Btw anyone looking for tranny cooler you can pickup one on ebay for about $25.00... I am also thinking of going to synthetic tranny fluid as well... 

does anyone know if this will cause a problem with a tranny with 29k on it? 



Rob


----------



## James (Apr 29, 2002)

I went to synthetic at 75k miles. No problem so far, I have a tranny cooler as well. We'll see what happens when the turbo goes in next month!


----------



## BIGBULS (Sep 24, 2002)

Actually, you two were about the only ones making any kind of sense.

I just hate it when people reply with something not particularly correct, and someone else comes in, bashes the first post, and then posts more incorrect crap.......it becomes a shitfest.

Hence the bickering morons part.

Maybe I just a bit too cranky


----------



## PrOxLaMuS© (Aug 11, 2002)

Other than E-Bay where can I get an Auxilary Transmission Cooler for my GA16DE?

What companies would be the best.. and on average how much would they cost?

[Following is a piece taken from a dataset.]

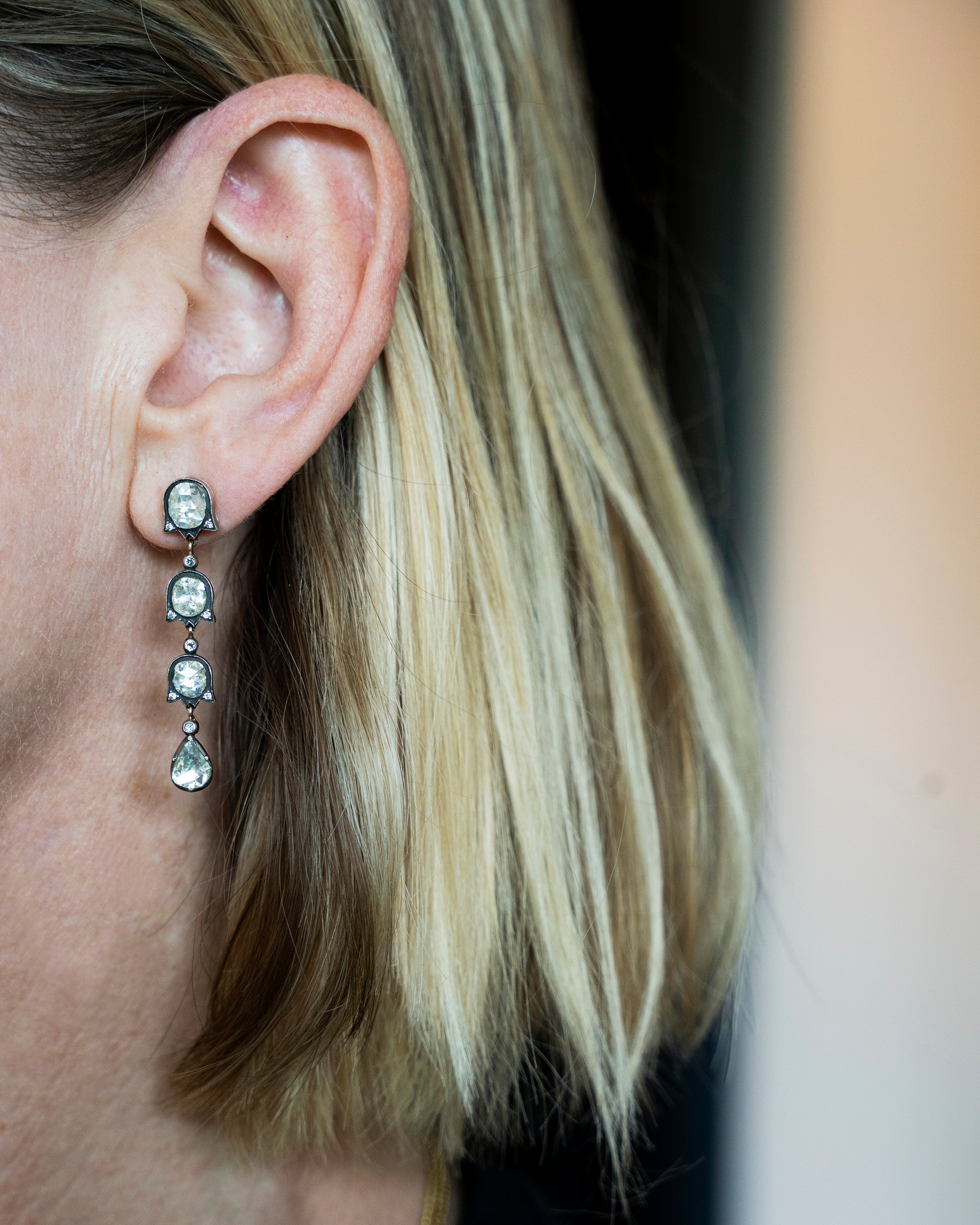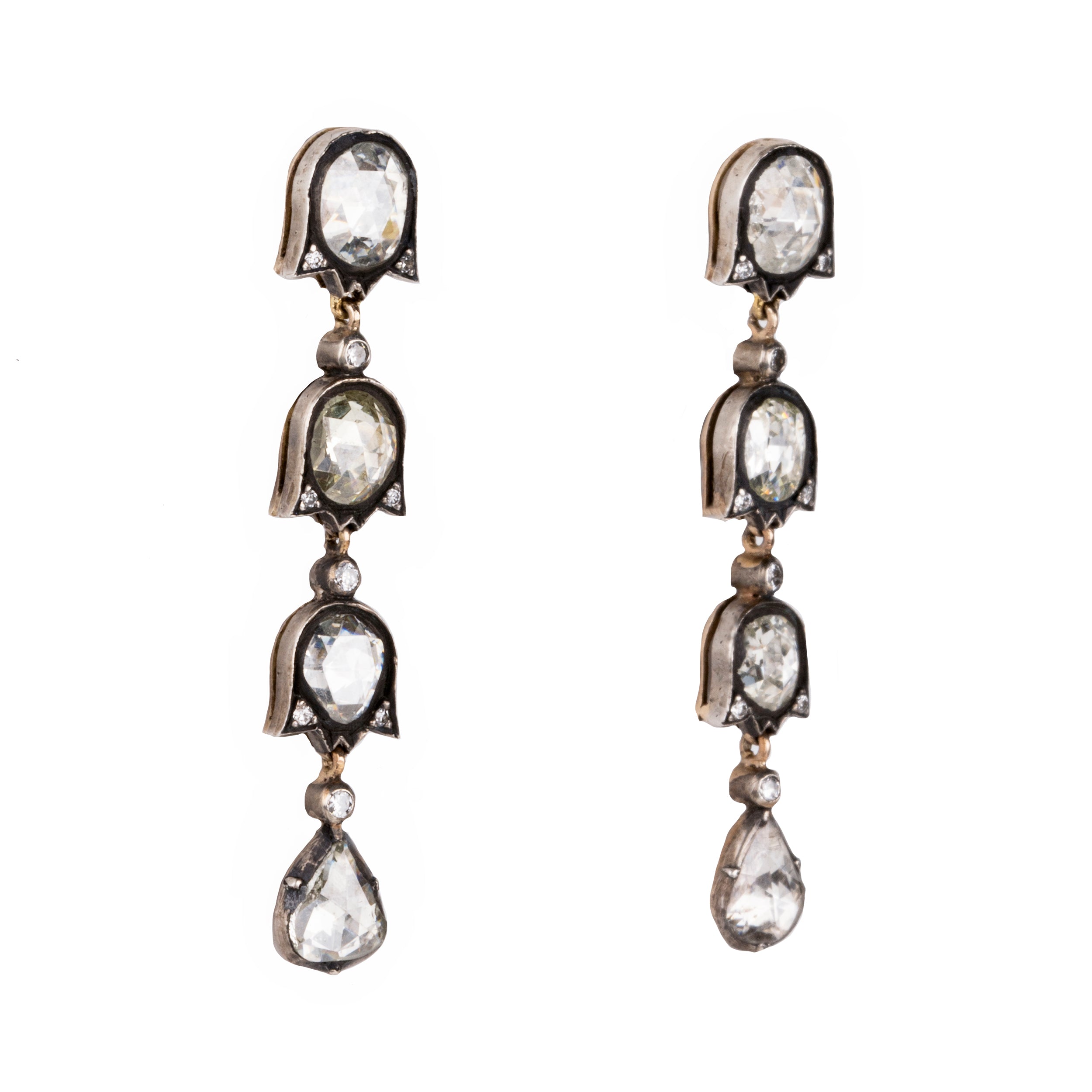 Victorian Era Lily of the Valley Rose Cut Diamond Earrings

Are Tranny Coolers... easy to install and do they require alot of mainentance??


----------



## BORNGEARHEAD (Apr 30, 2002)

Any auto parts store has universal ones.


----------



## sunnysentra (Jul 24, 2002)

I used to tranny brake the thing. I pushed hard on the brake and hit the gas until it could only hold the car to 3500 rpm. I didn't do it well and never got better times out of it though. A line lock is the best thing. You raise the RPM and then let it go. Similar situation are in the lever trannys. They have a button that holds the tranny and stall speed high and then hit the button and off you go. Extreme drag racing here, pro-modified alcohol cars use these.


----------



## B132nr (Jul 20, 2002)

I shift my auto all the time, then when I had to get a new engine the engine temp would start to rise up and I mean the needle would hit the "H". I am not sure if its my thermostat (I think its stuck open) yet cause I haven't got around to installing it. But when I had my old motor I never had a problem. I know that when I shift my auto it gets hot cause that is the only time it does get hot , then when I leave it in drive it runs alot cooler until I start to shift it. I also think for some reason that its putting more pressure on the engine cause it didnt start to overheat for a weak or 2 and I dont over rev it either.


----------



## 91SR20DE (Nov 25, 2002)

Well, I used to manually shift my '96 Saab 900, it had 1-2-3-D, it held a gear untill redline. As for the launch, I brake torqued it till about 2500(which also built up my boost, and let it rip. You should be able to brake torque yours too, but the revs I'm not sure on, my car had a 2500 stall from the factory, your might be a little different. I STRONGLY recommend having a tight front end if you plan to use this method, things like ball joints and whatnots seem to take a shit alot faster if they're already on they're way out. I have a video of me launching it at the track, email if you want to see.


----------



## Guest (Mar 5, 2003)

I maybe wrong (wouldn't be the first time) but I think some of you may have trans brake confused with brake torquing a car. I had a 79 Trans Am with a TH-350 trans with a trans brake. It held line pressure against the 1st gear and Reverse clutches when engaged so you could rev the engine to stall speed without relying on your car's brakes for holding power. When you released the trans brake the line pressure is let off the Reverse valve and 1st gear takes off like a rocket.


----------



## PrOxLaMuS© (Aug 11, 2002)

say what?
Reverse Clutch and Trans Brake.....
im lost


----------



## James (Apr 29, 2002)

The transbrake pretty much does the same thing as brake torquing except your tranny doesn't burn up (cept the clutches!) in the process! you can keep your foot on the gas and your car won't move forward until you disengage the transbrake, then you take off!


----------



## PrOxLaMuS© (Aug 11, 2002)

what the hell is a "transbrake".
All I know, is that I have a Gas Pedal, Brake Pedal and an E-Brake.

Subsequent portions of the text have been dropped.